Российская историческая наука вообще мало интересовалась историей Западной Руси, сознательно или бессознательно проходила мимо нее, поскольку та опиралась на древнерусские феодальные и вечевые традиции, искорененные в Московии и напрочь забытые в петровской России. Ни у одного крупного русского историка XIX века – ни у Сергея Соловьева, ни у Ключевского при всем его внимании к социальному аспекту истории и при том, что он в своем курсе русской истории бегло уделяет внимание и Литовской Руси, ни даже у либерала Милюкова в его «Очерках по истории русской культуры» – мы не найдем описания истории Западной Руси именно как отдельного культурно-политического типа.
До обращения в православие униатов в Америке и их жалоб на местную католическую иерархию русская церковь не видела в униатском населении Австро-Венгрии потенциальных православных, которые так и рвутся назад в русскую православную церковь, желая и территориально присоединиться к России. Но поскольку русская историческая наука прошла мимо Западной Руси именно как отдельной культурной и церковно-политической модели, то и «русскость» русинов стала восприниматься в России не по типу автономной культурной общины, а по модели церковно-государственной. Именно поэтому их симпатию к России ошибочно истолковывали, как стремление вступить в ее состав, стать подданными российского православного императора.
«Американский православный вестник» этому весьма содействовал: выражения «Червонная Русь» и «Угорская Русь», которыми москвофильские будители называли русинское население и земли Галиции и венгерского Прикарпатья, прочно вошли в российский лексикон как потенциально российские территории.

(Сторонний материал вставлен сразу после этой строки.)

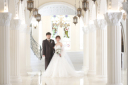 チャペルでの写し込みショット。プロポーズ風でロマンチックに。

Так на геополитическом горизонте рубежа XIX и XX веков возникла новая символическая страна, «Червонно-Угорская Русь», не имеющая под собой политической реальности, но наполненная реальностью символической, – подобно Константинополю, представлявшему для греков исчезнувшую Византию, маячившую подобно призраку над телом Оттоманской империи, а затем Турции. В сознании панславистов эта «Червонная Русь», по существу бывшая неким «умным» наваждением или градом Китежем, стала на четвертое место в ряду вполне реальных Великороссии, Малороссии и Белоруссии. В этом смысле показательна уже приводимая «Народная история Руси» Иеронима Луцика, написанная за несколько лет перед войной и посвященная предстоятелю русской епархии Платону, архиепископу Алеутскому и Северо-Американскому. В этой истории, начатой с Рюрика, история Галицкой Руси как часть истории Руси Литовской, затем Польши и затем Австрии впервые ставится в единую строку с историей России, или «Руси державной», с обзором московских князей и Российских царей вплоть до современного автору Николая II, здравицей которому и заканчивается последняя страница книги: «Да живет святая, Православная Русь, защитница всего славянства. Да живет Русский Царь и царствующий Дом, Богом данный, блюститель русской силы и чести».[89]
Это уникальная трактовка истории русинов, включенная в Русскую историю. В ней краткие обзоры историй Угорской и Буковинской Руси заканчиваются и обзором «Руси Американской», то есть предвоенного укоренения и своеобразного вторичного «подданства» русинов в русской епархии в Америке.[90]Поэма Иеронима Луцика, посвященная архиепископу Платону
Конечно, это была уже американская книга, оторванная от своей галицкой и карпаторосской почвы и политической реальности. Она давала некий конструкт и одновременно и формулировала, и выражала некую новую идеологию, складывавшуюся у русинов, нашедших в русской американской епархии почву для своего мифа и идеала, – почву, на которой их никто не притеснял и которая их политически ни к чему не обязывала. Такое сознание могло возникнуть только в Америке, то есть при полном отрыве религиозного, культурного и даже этнического сознания от политической реальности Старого Мира, – а главное, при полном отделении Церкви от государства. Русские публикации в Америке, принявшие и даже провоцировавшие эту идеологию и свободно оперировавшие этими понятиями, – «Червонная Русь», «Подъяремная Русь», – сумели убедить в этом мифологическом конструкте-хронотопе определенную часть православной иерархии и духовенства в самой России. Даже архиепископ Тихон (Белавин) в своем выступлении на Мэйфилдском соборе называл русинов – свою основную паству – «русским народом» из Австро-Венгрии.[91]